The syntax SYMBOL@toc refers to the value (SYMBOL - base (TOC)), where base (TOC) represents the TOC base for the current object file. This provides the address of the variable whose name is SYMBOL, as an offset from the TOC base. This assumes that the variable may be found within the TOC, and that its offset is no larger than 16 bits.

As with the GOT, the syntaxes SYMBOL@toc@ha, SYMBOL@toc@h, and SYMBOL@toc@l refer to the high adjusted, high, and low parts of the TOC offset.

The syntax SYMBOL@got@plt may be used to refer to the offset in the TOC of a procedure linkage table entry stored in the global offset table. The corresponding syntaxes SYMBOL@got@plt@ha, SYMBOL@got@plt@h, and SYMBOL@got@plt@l are also defined.

Note: Note that if X is a variable stored in the TOC, then X@got will be the offset within the TOC of a doubleword whose value is X@toc.

The special symbol .TOC.@tocbase is used to represent the TOC base for the current object file. The following might appear in a function descriptor definition:

      .quad .TOC.@tocbase

The PowerOpen syntax is more complex. It is derived from the different representation of the TOC section in XCOFF.

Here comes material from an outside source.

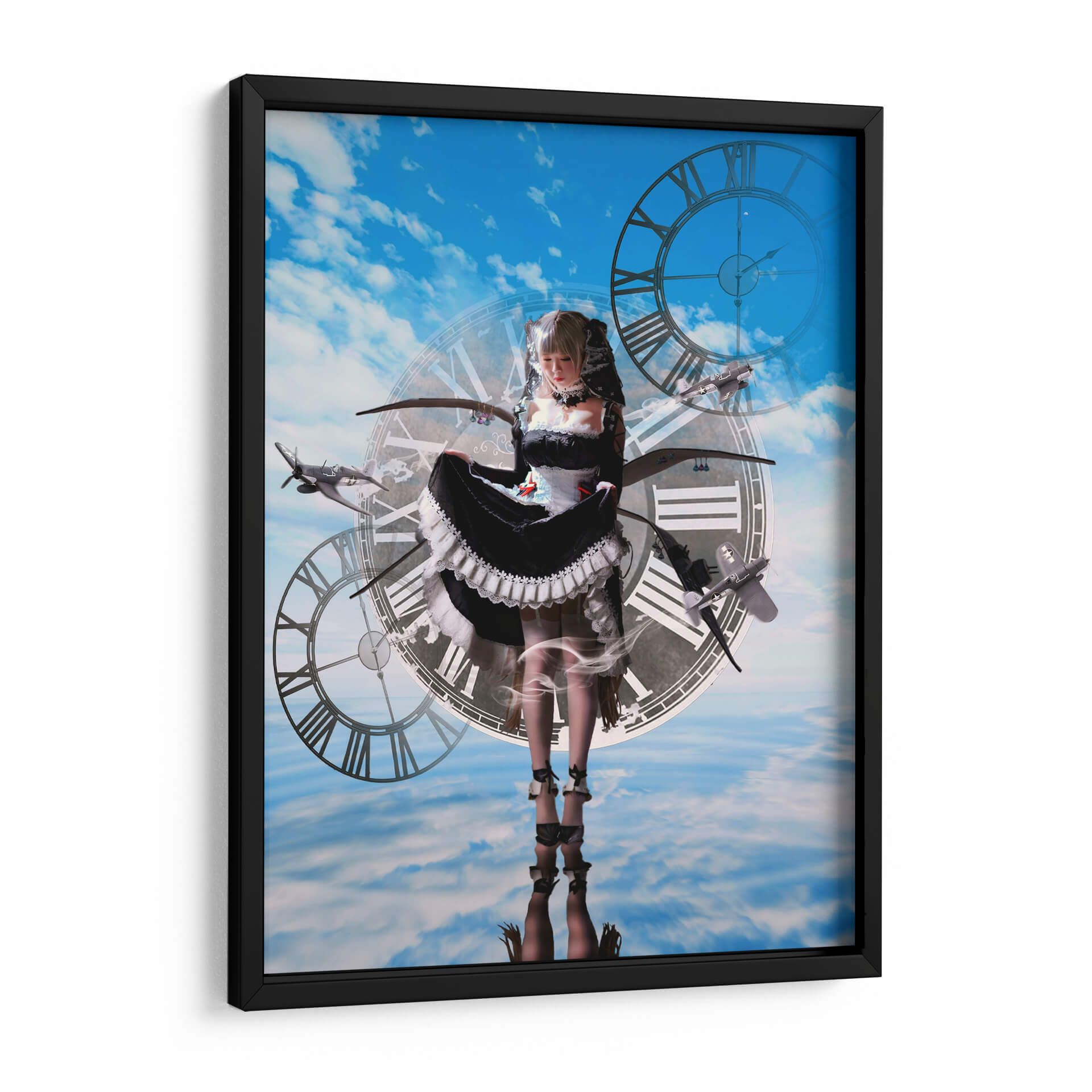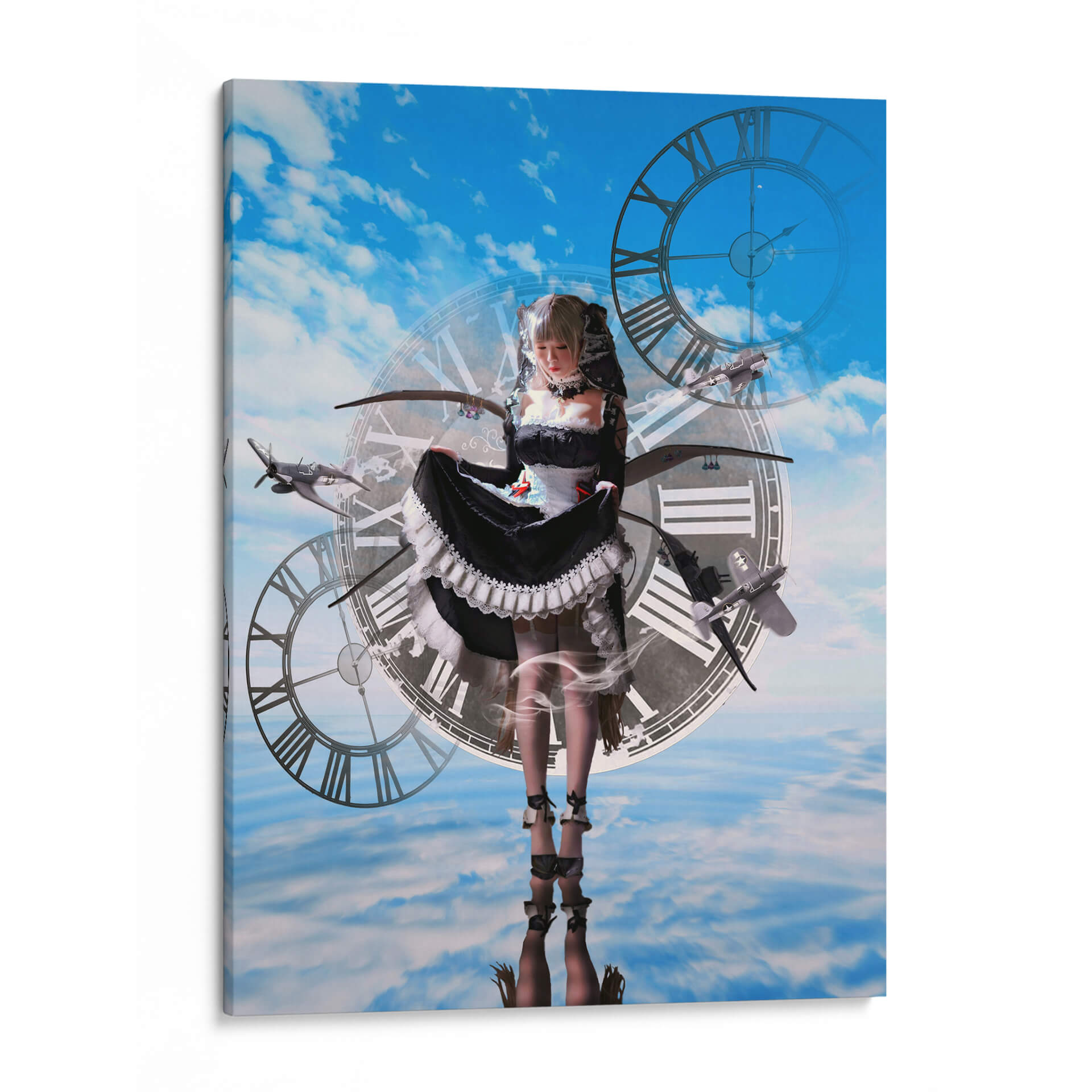 Sumérgete en un universo surrealista con "Formidable (Azur Lane)", una obra de arte digital que desafía el tiempo y la realidad. Esta cautivadora pieza presenta a una figura femenina etérea, vestida con un atuendo que evoca una estética clásica y marinera, flotando en un cielo despejado y azul adornado con nubes tenues. El fondo está dominado por relojes gigantes con números romanos, sugiriendo la transitoriedad del tiempo o un plano de existencia alternativo. Aviones de época surcan el cielo, añadiendo un toque de aventura y misterio a la escena. La composición, aunque detallada, mantiene una atmósfera onírica y serena, invitando a la contemplación. Los colores vibrantes del cielo azul contrastan sutilmente con los tonos más oscuros de los relojes y la figura central, creando un equilibrio visual impactante. Este cuadro decorativo es perfecto para quienes buscan una pieza que inspire imaginación y añada un toque de fantasía a su hogar u oficina. Ideal para salas de estar modernas, estudios o cualquier espacio que se beneficie de una narrativa visual única y evocadora. Deja que "Formidable" sea el punto focal que despierte conversaciones y transporte a tus invitados a un mundo de ensueño.

Assembly code first uses the .toc pseudo-op to enter the TOC section. It then uses a label to name a particular element. It then uses the .tc pseudo-op to indicate which GOT entry it wishes to name. Later in the code, the label is used with the TOC register to load the address. For example:

      .toc
  .L1:
      .tc  x[TC],x
      ...
      ld   r3,.L1(r2)

This creates a GOT entry for the variable x, and names that entry .L1 for the remainder of the assembly. The effect is the same as the single ELF-style instruction above.

The special value TOC[tc0] is used to represent the TOC base for the current object file:

      .quad TOC[tc0]

The PowerOpen syntax permits other data to be stored in the .toc section. The assembler will output this data in a .toc section, and convert references as though its address were specified with @toc rather than @got.

There is a significant difference in representation of the TOC in this ABI and in the 64-bit PowerOpen ABI. Relocatable object files created using the 64-bit PowerOpen ABI have a .toc section which contains real data. The link editor uses garbage collection to discard duplicate information including in particular TOC entries which refer to the same variable. In this ABI, relocatable object files do not contain .got sections holding real data. Instead, the GOT is created by the link editor based on relocations created by @got references. This ABI does not require the link editor to support garbage collection. This ABI does permit real data to exist in .toc sections, but this data will never be referred to directly by instructions which use @got references. @got references always refer to the GOT which is created by the link editor when creating an executable or a shared object.

3.5.4. Function Prologue and Epilogue

This section describes functions' prologue and epilogue code. A function's prologue establishes a stack frame, if necessary, and may save any nonvolatile registers it uses. A function's epilogue generally restores registers that were saved in the prologue code, restores the previous stack frame, and returns to the caller. Except for the rules below, this ABI does not mandate predetermined code sequences for function prologues and epilogues. However, the following rules, which permit reliable call chain backtracing, shall be followed:

In-line code may be used to save or restore nonvolatile general or floating-point registers that the function uses. However, if there are many registers to be saved or restored, it may be more efficient to call one of the system subroutines described below.

3.5.5. Register Saving and Restoring Functions

The register saving and restoring functions described in this section use nonstandard calling conventions which ordinarily require them to be statically linked into any executable or shared object modules in which they are used. Nevertheless, unlike 32-bit PowerPC ELF, these functions are considered part of the official ABI. In particular, the link editor is permitted to treat calls to these functions specially, such as by changing a call to one of these function into a call to an absolute address as in the PowerOpen ABI.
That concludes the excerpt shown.